Only the lines from the top of the listing below through the line containing "az utolsó mondatot." should be output, exactly and with no pictures.

▶ [INFORMATION SHOWN]:
▶
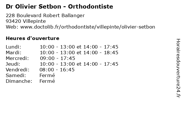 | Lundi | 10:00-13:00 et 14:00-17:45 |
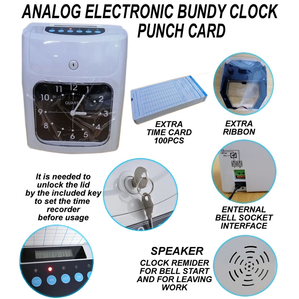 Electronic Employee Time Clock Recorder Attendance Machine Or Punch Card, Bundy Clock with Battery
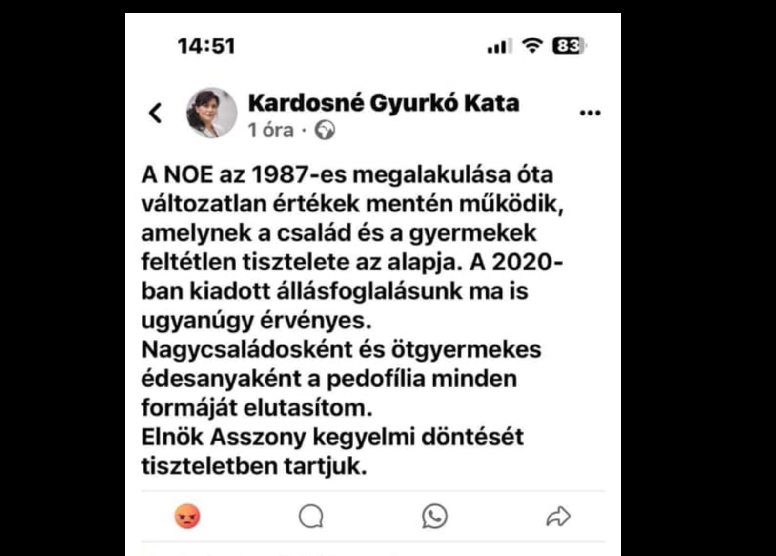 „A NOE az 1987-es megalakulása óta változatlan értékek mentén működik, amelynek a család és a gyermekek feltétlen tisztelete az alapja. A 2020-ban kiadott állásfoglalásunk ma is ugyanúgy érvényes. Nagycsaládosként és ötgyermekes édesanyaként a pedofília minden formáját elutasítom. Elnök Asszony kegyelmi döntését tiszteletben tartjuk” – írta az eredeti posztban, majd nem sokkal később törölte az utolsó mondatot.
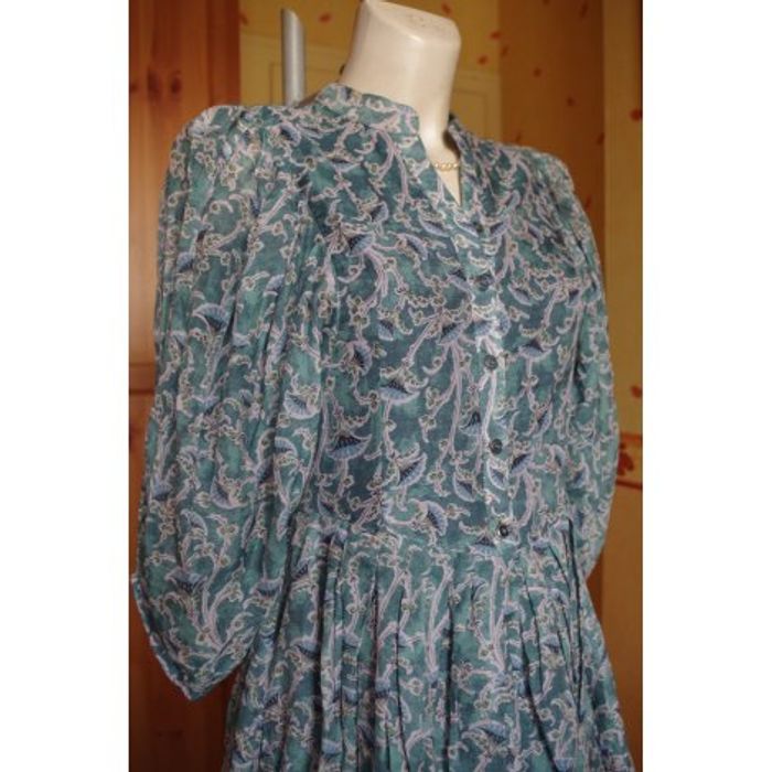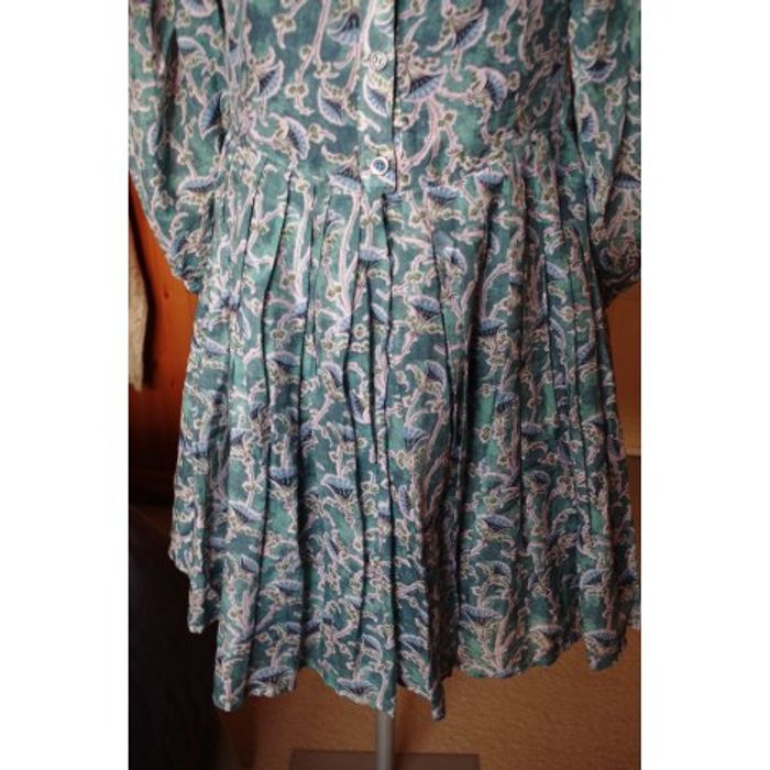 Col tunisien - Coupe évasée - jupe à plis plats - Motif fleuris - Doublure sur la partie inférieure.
◀
▶ [FINISHED EXERCISE]:
 | Lundi | 10:00-13:00 et 14:00-17:45 |
 Electronic Employee Time Clock Recorder Attendance Machine Or Punch Card, Bundy Clock with Battery
 „A NOE az 1987-es megalakulása óta változatlan értékek mentén működik, amelynek a család és a gyermekek feltétlen tisztelete az alapja. A 2020-ban kiadott állásfoglalásunk ma is ugyanúgy érvényes. Nagycsaládosként és ötgyermekes édesanyaként a pedofília minden formáját elutasítom. Elnök Asszony kegyelmi döntését tiszteletben tartjuk” – írta az eredeti posztban, majd nem sokkal később törölte az utolsó mondatot.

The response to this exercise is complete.